Designing optimal local-AI hardware is genuinely hard.
Picking the right machine to run a model locally is a cross-domain engineering problem most people — and most teams — don't have the right engineer for.
Everything is coupled
Model size and quantization set memory bandwidth; bandwidth and power set the silicon; silicon sets the heat; heat sets the chassis and cooling; the chassis sets the form factor and the cost. Pull one dial and the rest move.
Spec sheets aren't a design
A parts list isn't a system.
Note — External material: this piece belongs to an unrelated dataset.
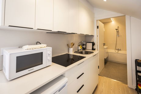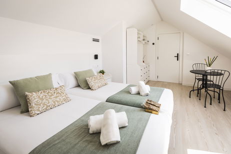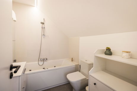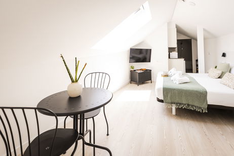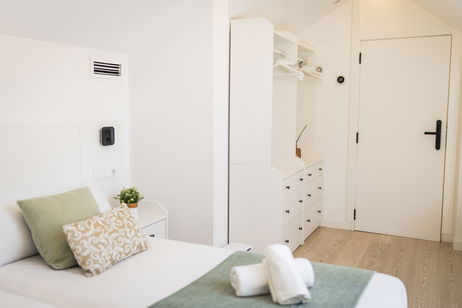 Disponemos de dos habitaciones, situadas en la planta más elevada del edificio. El ático más grande, con 27 metros cuadrados, alberga una cama de matrimonio de 150 centímetros, aire acondicionado, baño privado con bañera de hidromasaje, cocina, televisión, espacios de almacenaje y suelos de madera.
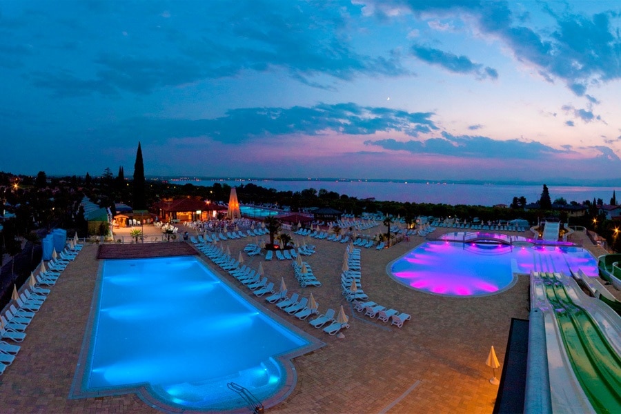 Campsite with marked-out pitches directly on lake Garda. New toilet facilities, lovely swimming pools with slides, children's pool and fitness centre. Dogs are welcome. CampingCard ACSI gives 10% off in restaurant during low season. Booking ahead not possible. One third of the pitches are available for CampingCard ACSI holders.

The hard part is reconciling thermals, power, throughput, and budget at once — and proving the result actually holds under load before you spend a dollar.
Agents do the cross-domain engineering for you.
Outfra turns a plain-language spec into a validated, buildable system. The agents reason across every domain at once, so the design that comes out is internally consistent — not a wishlist.
You set the constraints — workload, budget, power envelope, form factor, environment. The factory resolves them into hard numbers, lays out the system, generates parametric CAD and a rationale-backed bill of materials, then runs thermal simulation to confirm it survives burst and sustained load. The output is a complete machine you could build today.
Spec to buildable system, in four moves
Spec
Describe the use-case and budget in plain language — e.g. "run a 7B model in a field briefcase under 60W."
Constraints
Agents convert the spec into hard limits: memory bandwidth, power envelope, thermal headroom, noise, and cost.
CAD · BOM · Thermal
A layout is solved, parametric CAD is emitted, and every part on the BOM carries its reasoning.
Validate
Thermal sim and operating-mode envelopes confirm the system holds — before a single part is ordered.
The best hardware for your budget — then built.
Today the factory hands you a validated design. The roadmap closes the loop from design to a box on your bench.
Design. A complete, validated system for your use-case and budget: CAD, rationale-backed BOM, and thermal simulation you can read and trust.
Source. The factory sources the parts — turning the bill of materials into a procurement-ready, in-stock kit.
Fabricate. The factory manufactures and assembles the machine, so you go from a use-case to a finished, validated PC end to end.